Imagotaria

Imagotaria
Temporal range: Late Miocene
Scientific classification
Kingdom: Animalia
Phylum: Chordata
Class: Mammalia
Order: Carnivora
Family: Odobenidae
Genus: Imagotaria
Species: I. downsi
Binomial name
Imagotaria downsi
Mitchell, 1968

Imagotaria is an extinct monotypic genus of walrus with the sole species Imagotaria downsi. Fossils of Imagotaria are known from the early late Miocene of California (c. 10-12 million years ago).

Description

The 1.8 metres (6 ft) long pinniped more closely resembled in its overall shape a sea lion rather than a walrus. Unlike the extant walrus (Odobenus rosmarus), Imagotaria did not possess elongate, ever-growing tusks, but instead bore enlarged canines (with respect to other pinnipeds).[1]

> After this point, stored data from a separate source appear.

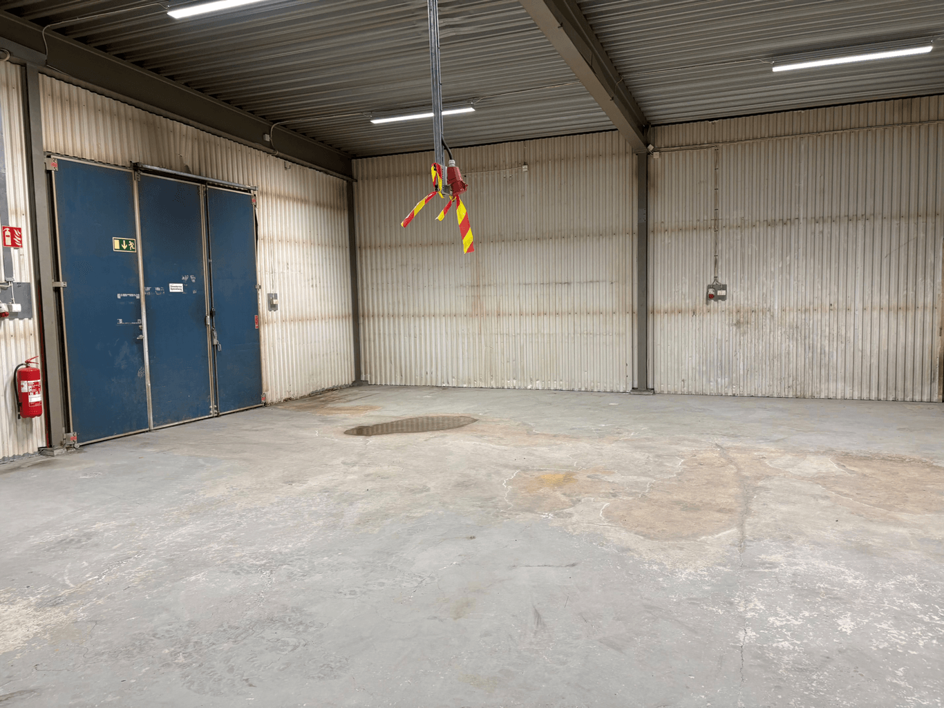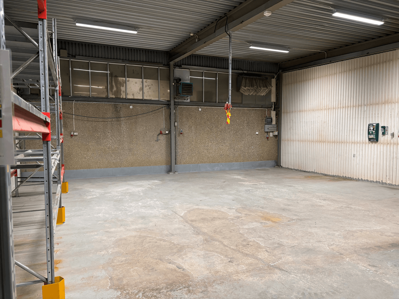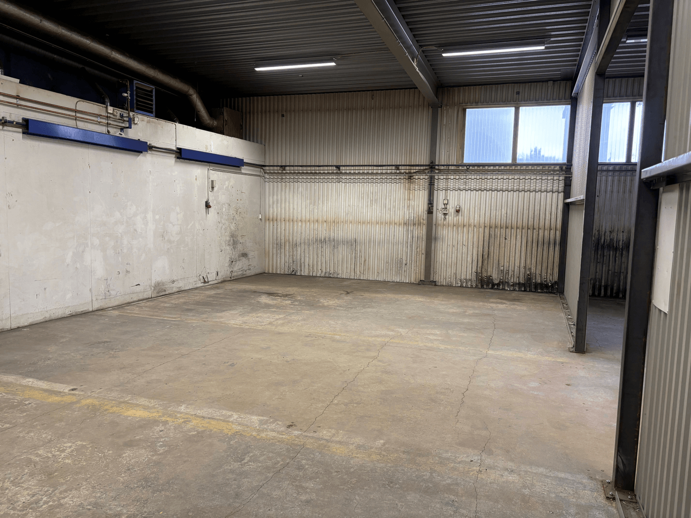 Verkstad/Lagerlokal som har högt i tak och utan pelare.
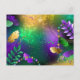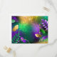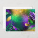 Textural iridescent mardi gras background with spots of purple, yellow and green, decorated with fluffy feathers and shiny beads. Mardi gras holiday.
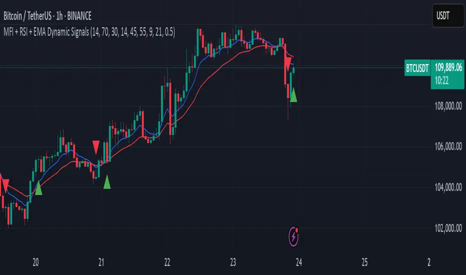 The MFI + RSI + EMA Dynamic Signals is a designed to combine with widened criteria to capture more trading opportunities, it balances momentum, trend, and flexibility, making it suitable for trading on timeframes like 15-minute to 4-hour charts.
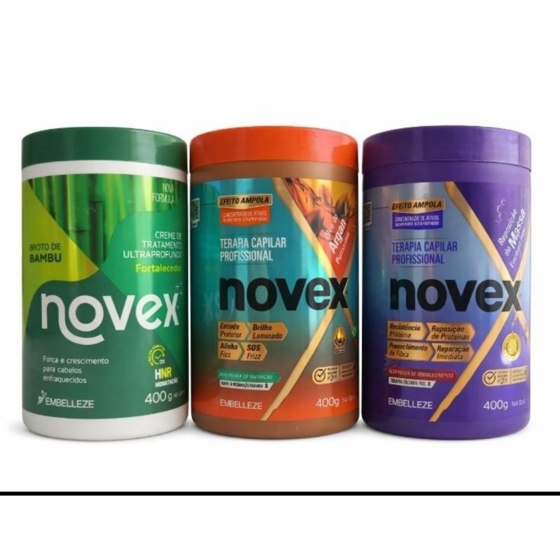 Kit Cronograma Novex 400g Broto de Bambu + Óleo de Argan + Reposição Massa (Hid + Rec + Nut)

Imagotaria is an example of a primitive walrus that does not grossly appear similar to a modern walrus. However, the walrus family (the Odobenidae) is a more inclusive group, that includes walruses without tusks (e.g. Imagotaria), walruses with upper and lower tusks (the subfamily Dusignathinae), and walruses with upper tusks like the extant walrus (subfamily Odobeninae, tribe Odobenini). It is possible to classify these pinnipeds as walruses because they share many other skull features (besides tusks) as well as many skeletal features, all of which indicate common ancestry.

Palaeobiology

The teeth of Imagotaria indicate that its feeding ecology was markedly different from that of modern walrus, and more similar to that of less specialized pinnipeds like seals, fur seals, and sea lions. Conical, unworn teeth and the lack of a vaulted palate indicate that Imagotaria did not feed on molluscs like modern walrus. Modern walruses do not use their teeth to chew molluscs like sea otters do. Instead, they hold a clam in their lips, and the vaulted palate allows them to use their tongue as a powerful piston to suck the soft parts right out of the clam shell. The shell is then dropped to the seafloor, never entering the oral cavity.

Additionally, fossils of Imagotaria (and the earlier Neotherium, c. 15 million years ago) demonstrate that early walruses had, by the middle and late Miocene, already developed extreme sexual dimorphism (males and females having different body sizes). It is unclear whether extreme sexual dimorphism is ancestral to all pinnipeds, or if it has been independently acquired in multiple pinniped lineages.

References

  1. Palmer, D., ed. (1999). The Marshall Illustrated Encyclopedia of Dinosaurs and Prehistoric Animals. London: Marshall Editions. p. 227. ISBN 1-84028-152-9.